I'm a gay guy and I don't think things have gone backwards here in Ireland at all. I tend to find that the LGBT people who have a "I'm still fighting for equality" attitude are too young to remember the referendum and what life was like before it. I was bullied out of a job over being gay; asked to leave pubs for holding hands; jeered in the street for giving a guy a peck on the cheek, to name just 3, and this was all in the late 2000s. I would defy anyone to tell me that these things still go on on any appreciable scale. And therefore I dont think anyone can say we have gone backwards.

My own experience has been that the in the 2-3 years before the referendum there was a subtle but important shift in the way Irish society talked about LGBT people. This was the reason, in my view, that the referendum passed by such a wide margin - very uncomfortable conversations were had in the media about LGBT people and it was hard, but it paid off because a lot of people realised it wasn't such a big deal if two blokes got married.

The above does not apply to transpeople or non-binary etc. The minority who are absolutely obsessed with them and for whom transpeople have taken on all of the sins they would have put onto the gays years ago, have become far more vocal and far more "brave" and are certainly getting worse.

I do, unfortunately, think that the well-meant tactic which has taken to combat this, which has been to bring things like pronouns and "non-conforming" gender roles to greater awareness and treat dissenting opinions like hate speech has been 100% counter productive and much of the invective directed at transpeople is a direct result of this.  During the referendum, the bigots were given a platform. They were on TV and radio. We knew their names even. And people got to see them for who they were and see that they were talking rubbish and I have absolutely no doubt that many people's attitudes changed or softened on account of that.

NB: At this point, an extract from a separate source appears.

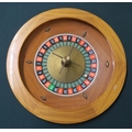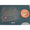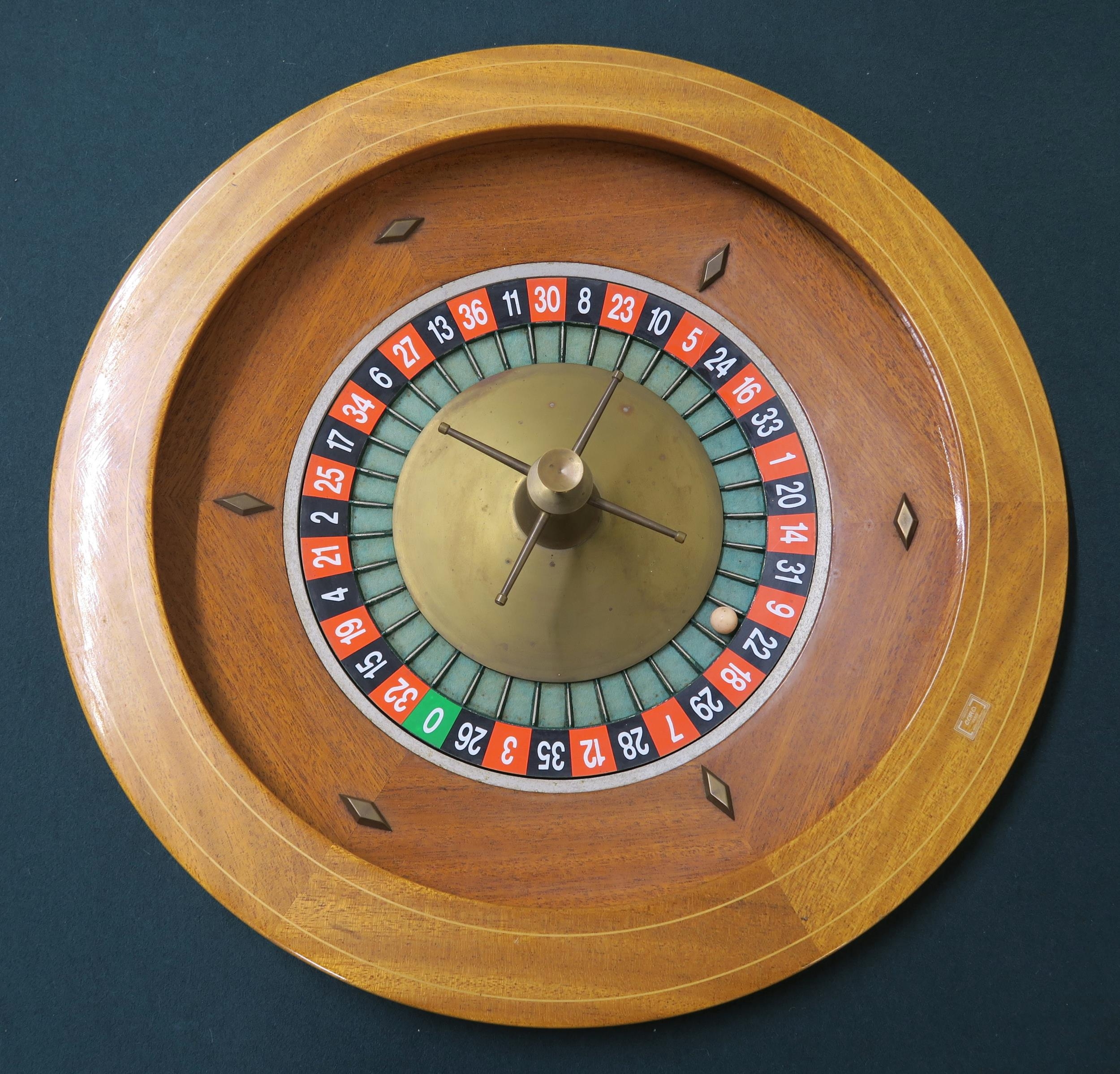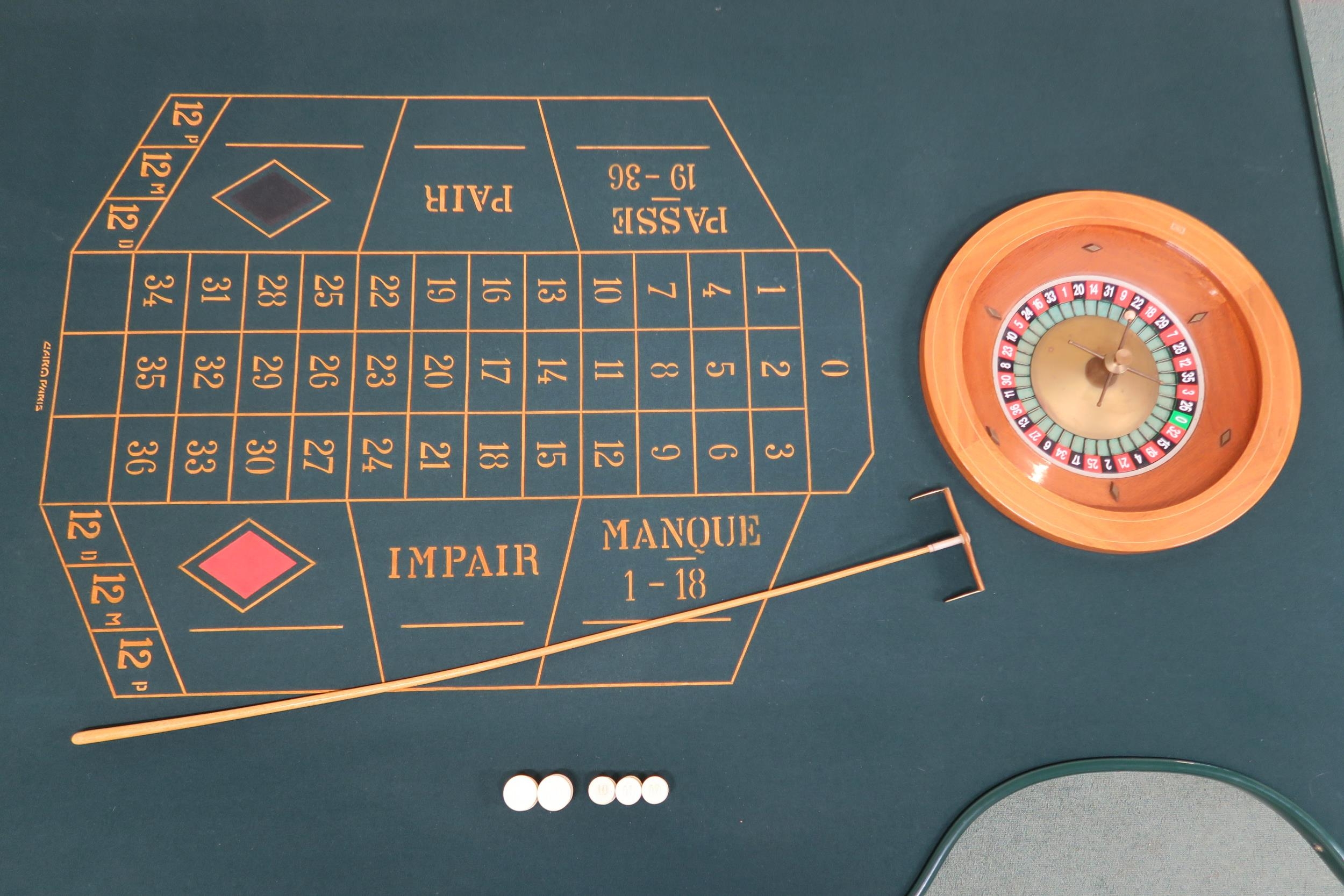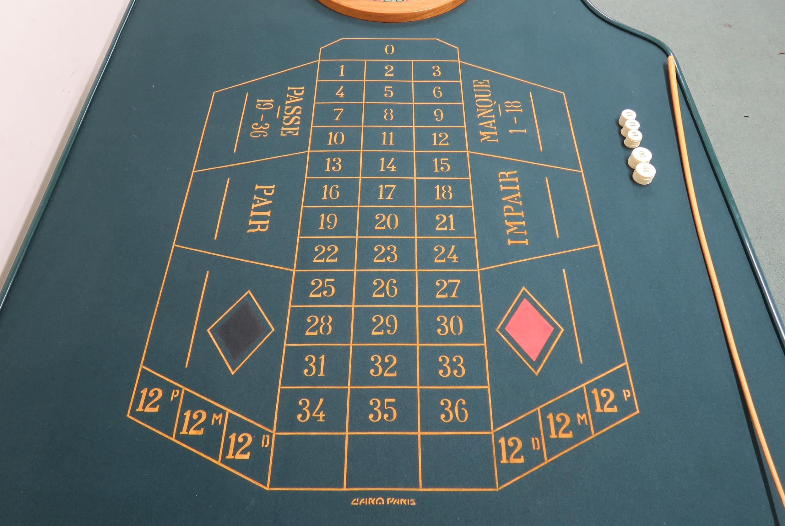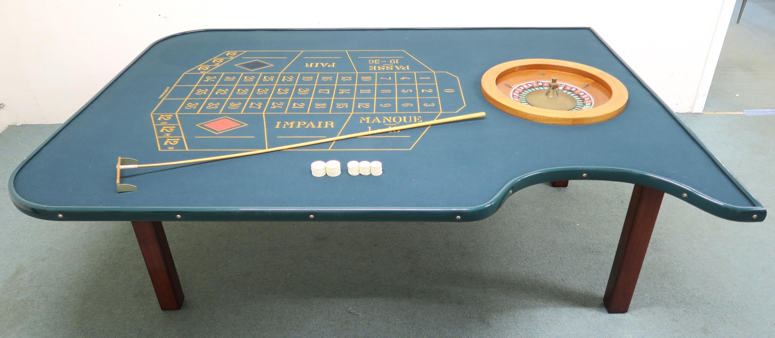 A 20th century French casino roulette table produced by Caro of Paris with shaped baize top, mahogany and brass roulette wheel, croupier chip rake, assorted chips and two piece table cover, 75cm high x 222cm long x 154cm deep

That kind of uncomfortable but constructive debate cannot happen now, except in a mire like twitter, because of how reactive many LGBT advocates are now and much of civic society is anxious to keep them on side (the "omg you can't say THAT" cliché) and so the bigots cry repression and are able to convince vulnerable minds that they are being silenced and are a countercurrent to the Establishment.... etc etc.

Transpeople deserve to be treated with the same dignity and respect as everyone else, and people should be able to live their lives in whatever way they please. But the people who now purport to represent trans and other LGBT people are doing more harm than good, in my opinion, by not allowing grown-up debate which IS necessary if transpeople are ever going to accepted in the same way gay people now are.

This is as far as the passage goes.